An international team of researchers have sought to identify genetic mutations that produce abnormal forms of a key heart muscle protein.
As a result of the mutations, the heart muscles weaken and produce a condition known as ‘dilated cardiomyopathy.’
The increased strain that is then put on the heart can lead to heart failure where the organ is unable to pump the requisite quantities of blood.
Changes to titin, a protein that is part of the mechanism muscles use to contract and relax, have been implicated as a cause for dilated cardiomyopathy.
Titin is the largest human protein and is produced by a gene whose genetic information exists as 364 separate segments, known as exons. Variations in how the genetic data from these exons are assembled mean that the protein can exist in a variety of forms.
A 2012 study carried out in severe and familial cases of dilated cardiomyopathy found that disruptive mutations in the gene, resulting in truncated titin variants being produced, were the commonest genetic cause for the ailment.

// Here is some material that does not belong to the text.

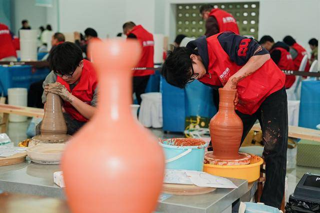 竞赛场馆内,参赛选手斗志昂扬,纷纷掏出自己的“看家本领”。来自江西景德镇的梁启鹏介绍,他今年17岁,就读于景德镇陶瓷技师学院,是第一次参加国家级陶瓷竞赛,这次的参赛项目是陶瓷拉坯。

Researchers who carried out that study have gone on to examine titin gene sequences from over 5,200 individuals, with and without the condition, as well as scrutinising 150 heart tissue samples collected from patients who underwent heart surgery.
The 2012 study had shown that one in 50 of apparently normal individuals have a titin truncation, observed Stuart M. Cook of Duke-NUS Graduate Medical School in Singapore and Imperial College in London, U.K., one of the senior authors of a paper published today (January 15) in Science Translational Medicine .
The question“The question is, why do these people have these truncations but not have the disease,” he remarked at a press briefing.
The latest study indicated that disease-causing mutations typically occurred in exons that are very highly used in the heart to produce titin, according to James S. Ware from the Royal Brompton & Harefield NHS Foundation Trust & Imperial College in U.K., another of the senior authors of the paper.
Mutations in the general population, on the other hand, tended to be in exons often omitted in the heart. Moreover, the disease-causing variants were towards one end of the titin gene.
It was found that patients with dilated cardiomyopathy due to titin mutations had more severe disease, with more life-threatening heart rhythm problems and ultimately poorer survival, he said during the press briefing. So such mutations may define a group of patients who could benefit from a tailored therapeutic approach.
The foreshortened titin protein produced by the disease-causing mutations appeared to be poisoning the heart muscle cells, remarked Christine E. Seidman of Brigham and Women's Hospital in Boston, U.S. Understanding how this occurred would allow development of directed therapeutics for the condition.